The original PodSecurityPolicy (PSP) was powerful but complex. It was deprecated in Kubernetes 1.21 and removed in 1.25. The replacement — Pod Security Standards (PSS) enforced by the Pod Security Admission (PSA) controller — takes a simpler approach: three predefined policy levels applied through namespace labels.

Think of it as a city's building inspector office. Instead of every building needing a custom inspection contract (PSP), the city publishes three standard building codes. You post a sign on each neighborhood (namespace) declaring which code applies.

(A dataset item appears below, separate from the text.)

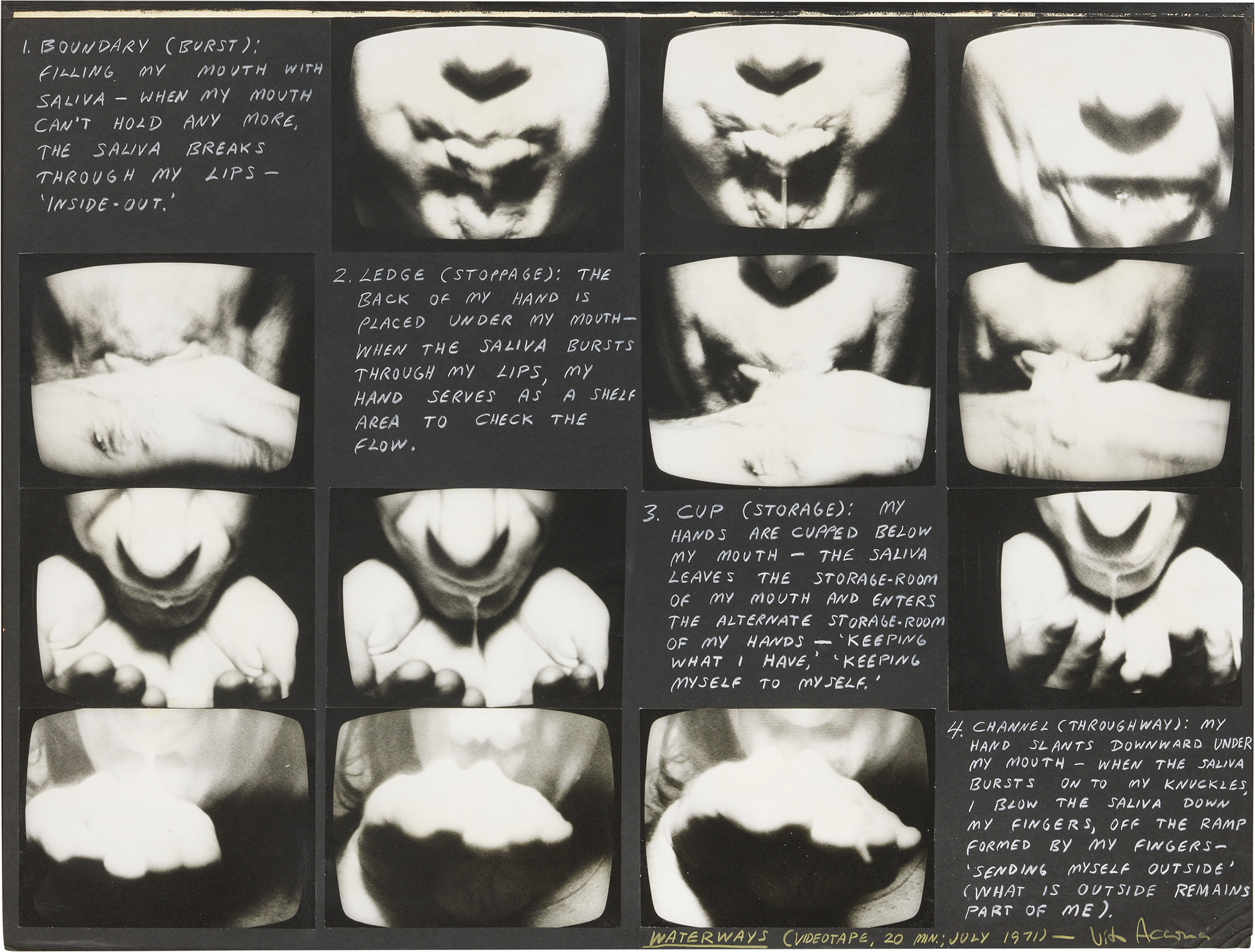 Titolo, data e firma in basso a destra: Waterways (Videotape, 20 min.; July 1971) - Vito Acconci.

Level	Building Code Analogy	What It Allows	Use Case
Privileged	No code enforced	Unrestricted: host namespaces, root, all capabilities	System infrastructure only (CNI, storage drivers)
Baseline	Standard safety code	Blocks known privilege escalations: no `privileged` mode, no `hostPath`, no `hostNetwork`	General applications; the minimum you should accept
Restricted	Maximum security code	Requires `runAsNonRoot`, read-only root FS, drops all capabilities, enforces seccomp	Production workloads handling sensitive data

Visual Description:

graph TD subgraph "Pod Security Standards [Building Codes]" direction LR P[Privileged Unrestricted] --> B[Baseline Known Risks Blocked] B --> R[Restricted Defense in Depth] end subgraph "Enforcement Modes [Inspector Actions]" WARN[Warn Flag + Allow] AUDIT[Audit Log + Allow] ENFORCE[Enforce Reject] end R --> WARN R --> AUDIT R --> ENFORCE style P fill:#ef9a9a style B fill:#ffcc80 style R fill:#a5d6a7 style ENFORCE fill:#ef5350

Apply PSS through namespace labels:

apiVersion: v1
kind: Namespace
metadata:
  name: production
  labels:
    pod-security.kubernetes.io/enforce: restricted
    pod-security.kubernetes.io/audit: restricted
    pod-security.kubernetes.io/warn: restricted

enforce blocks pod creation and returns an error. audit allows the pod but writes a log entry. warn allows the pod but prints a warning. The recommended migration path: start with warn, graduate to audit, then flip on enforce once workloads comply.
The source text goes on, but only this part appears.